Required action: Copy out the whole listing exactly as given. Skip the pictures.

Collected material:
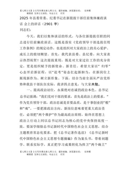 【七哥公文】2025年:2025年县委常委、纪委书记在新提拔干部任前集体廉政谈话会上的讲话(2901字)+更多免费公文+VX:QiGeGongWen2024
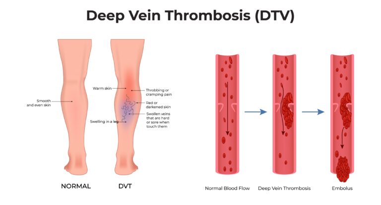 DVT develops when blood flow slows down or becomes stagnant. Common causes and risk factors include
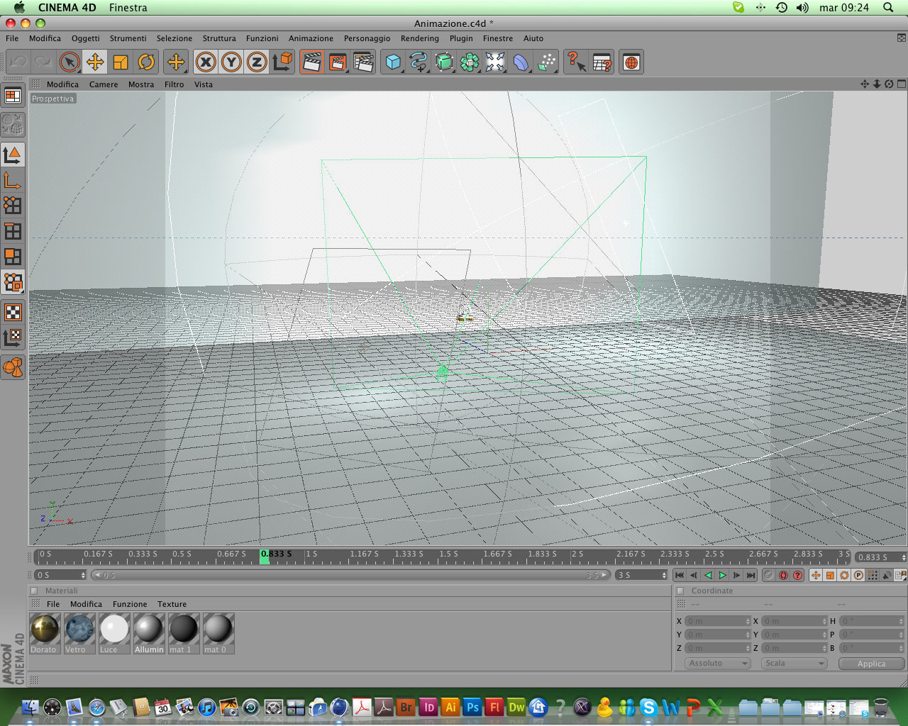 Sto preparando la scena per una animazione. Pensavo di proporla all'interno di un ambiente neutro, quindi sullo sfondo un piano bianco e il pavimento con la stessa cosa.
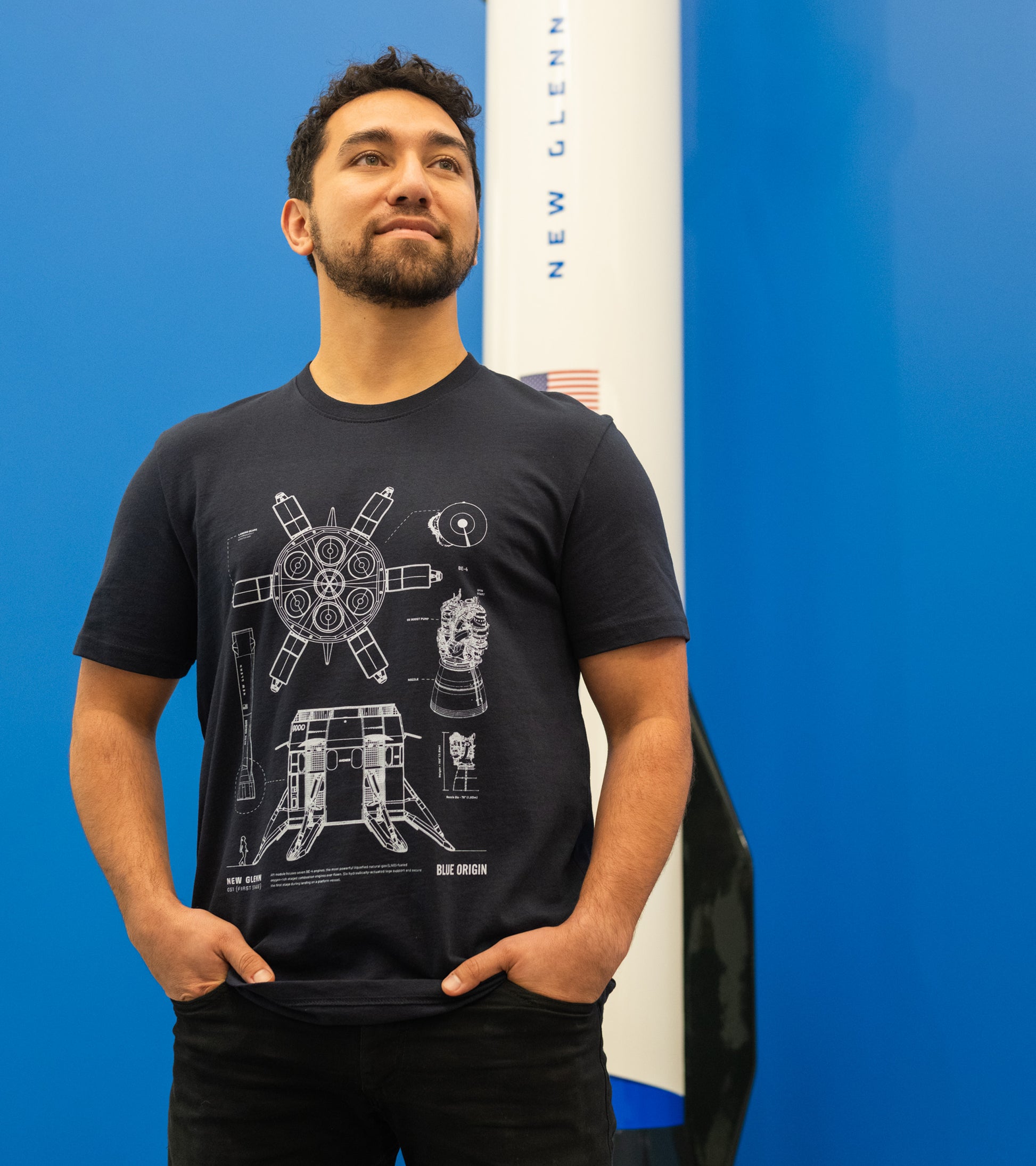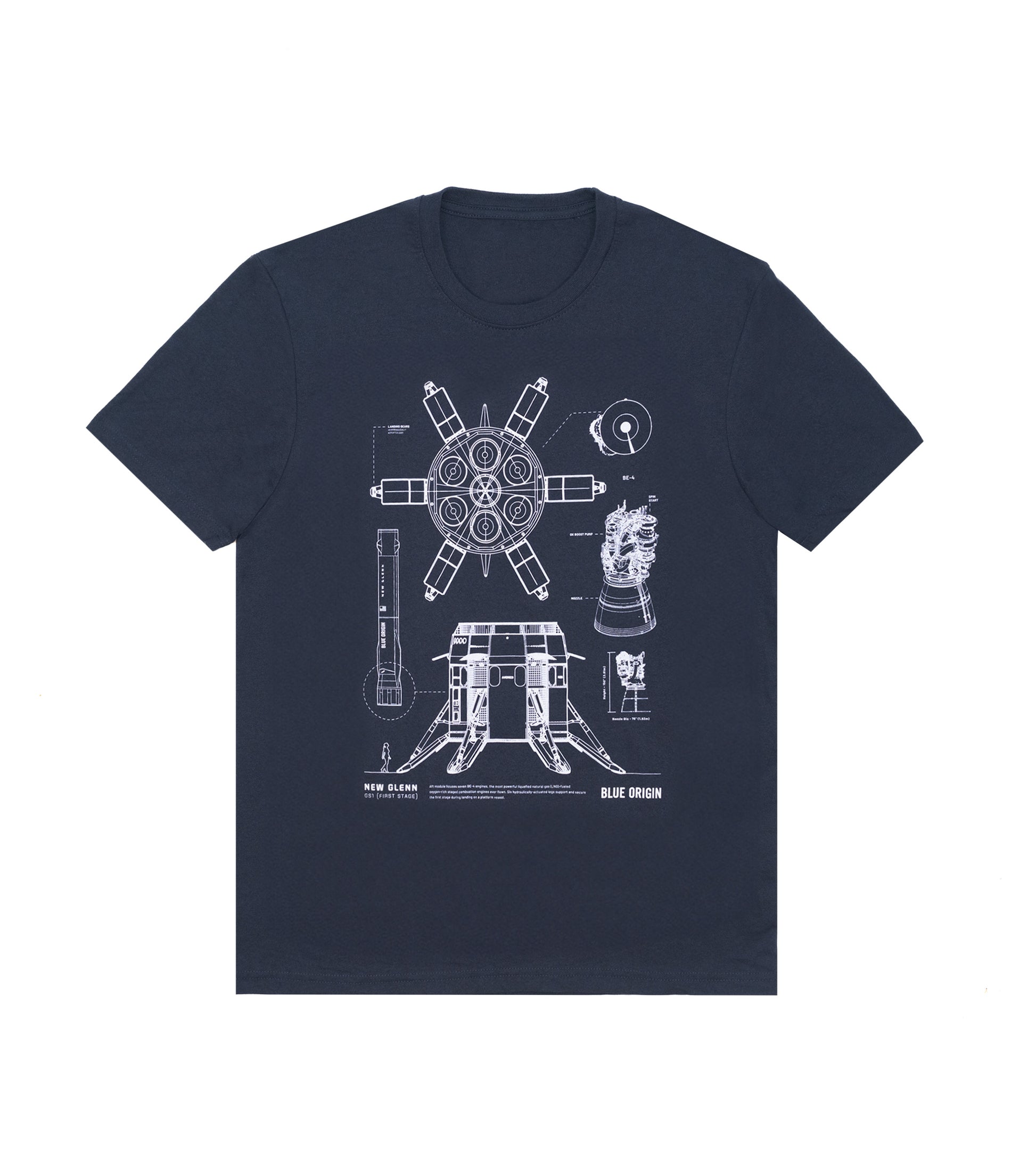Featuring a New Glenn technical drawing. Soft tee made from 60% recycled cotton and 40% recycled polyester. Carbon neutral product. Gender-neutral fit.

Problem solution:
 【七哥公文】2025年:2025年县委常委、纪委书记在新提拔干部任前集体廉政谈话会上的讲话(2901字)+更多免费公文+VX:QiGeGongWen2024
 DVT develops when blood flow slows down or becomes stagnant. Common causes and risk factors include
 Sto preparando la scena per una animazione. Pensavo di proporla all'interno di un ambiente neutro, quindi sullo sfondo un piano bianco e il pavimento con la stessa cosa.
Featuring a New Glenn technical drawing. Soft tee made from 60% recycled cotton and 40% recycled polyester. Carbon neutral product. Gender-neutral fit.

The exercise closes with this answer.